Creating an AI Transformation Vision – Achieving Long-Term Advantage with AI

Daniel Faggella

Daniel Faggella is Head of Research at Emerj. Called upon by the United Nations, World Bank, INTERPOL, and leading enterprises, Daniel is a globally sought-after expert on the competitive strategy implications of AI for business and government leaders.

Creating an AI Transformation Vision

Artificial intelligence deployments are fraught with technical and tactical elements that have to be executed well in order to see a return on investment: The data must be accessible, cross-functional AI teams have to work together, and even after an AI pilot seems promising – it often needs to be integrated into legacy systems to be deployed successfully.

Above both the technical and the tactical issues lies a greater set of looming questions:

What is AI helping our department or firm to become?

How will it help us serve our customers, improve our operations – and ultimately win in the market?

At completely digitally and data-native firms – including much of Silicon Valley and big tech – these questions are often answered early on. Digitally native firms often have an understanding of AI’s role in their product, operations, and strategic differentiators early on. Firms like Microsoft have enough AI fluency among their leadership to adapt their business models and strategic plans to integrate AI into their vision.

For enterprise firms without data and AI in their DNA (i.e. the vast majority of firms), the issue of AI’s larger strategic role in the company is a massive impediment to turning AI into value.

The goal of this article is to help provide a framework for aligning what we call an AI Transformation Vision.

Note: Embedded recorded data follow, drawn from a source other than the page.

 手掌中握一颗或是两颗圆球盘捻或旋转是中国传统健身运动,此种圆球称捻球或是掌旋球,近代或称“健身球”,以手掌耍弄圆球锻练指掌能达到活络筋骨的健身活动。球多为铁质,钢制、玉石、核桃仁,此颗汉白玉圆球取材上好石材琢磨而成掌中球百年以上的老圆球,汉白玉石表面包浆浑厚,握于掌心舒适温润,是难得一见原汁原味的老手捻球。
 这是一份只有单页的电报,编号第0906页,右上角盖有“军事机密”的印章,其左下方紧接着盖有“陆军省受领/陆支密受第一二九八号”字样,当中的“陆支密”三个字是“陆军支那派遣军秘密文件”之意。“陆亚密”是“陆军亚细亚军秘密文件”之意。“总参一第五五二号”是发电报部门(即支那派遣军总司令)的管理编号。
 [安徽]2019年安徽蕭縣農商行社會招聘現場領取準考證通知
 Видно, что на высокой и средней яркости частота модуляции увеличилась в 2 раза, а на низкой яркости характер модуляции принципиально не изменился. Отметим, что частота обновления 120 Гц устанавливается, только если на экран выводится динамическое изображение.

While this resource was created with established enterprise firms in mind, the same framework can be applied to mid-sized firms or even to young companies who want to consider how they can wield AI to their own advantage.

We’ll be covering the following topics in order:

  1. The Value of an AI Transformation Vision
  2. The Components of an AI Transformation Vision
  3. How to Use an AI Transformation Vision

Throughout this article we’ll be referencing the AI Transformation Vision (ATV) template featured in the image below:

Emerj AI Transformation Vision Template

The Value of an AI Transformation Vision

Near-Term – Alignment: Most AI projects fail because of issues that can tie to executive AI fluency. Poor project selections, unrealistic ROI expectations, lack of strategic focus, and a lack of understanding of AI maturity all contribute to the 80-90% failure rate of AI projects. An ATV helps companies build the fluency and buy-in that they need to see real deployments and near-term results.

Near-Term – Avoiding Technical Debt: AI approached as a series of “plug-and-play” point solutions (without any fundamental improvement to AI maturity, data infrastructure, etc) leads to a kluge of spun-up data repositories and stand-alone algorithms that can add tremendous technical debt to an organization. As opposed to a hundred small data ecosystems, firms with a coherent vision can think about the capabilities they want to unlock, and build a shared “foundation” for new AI capabilities – unlocking not just one application, but many future applications.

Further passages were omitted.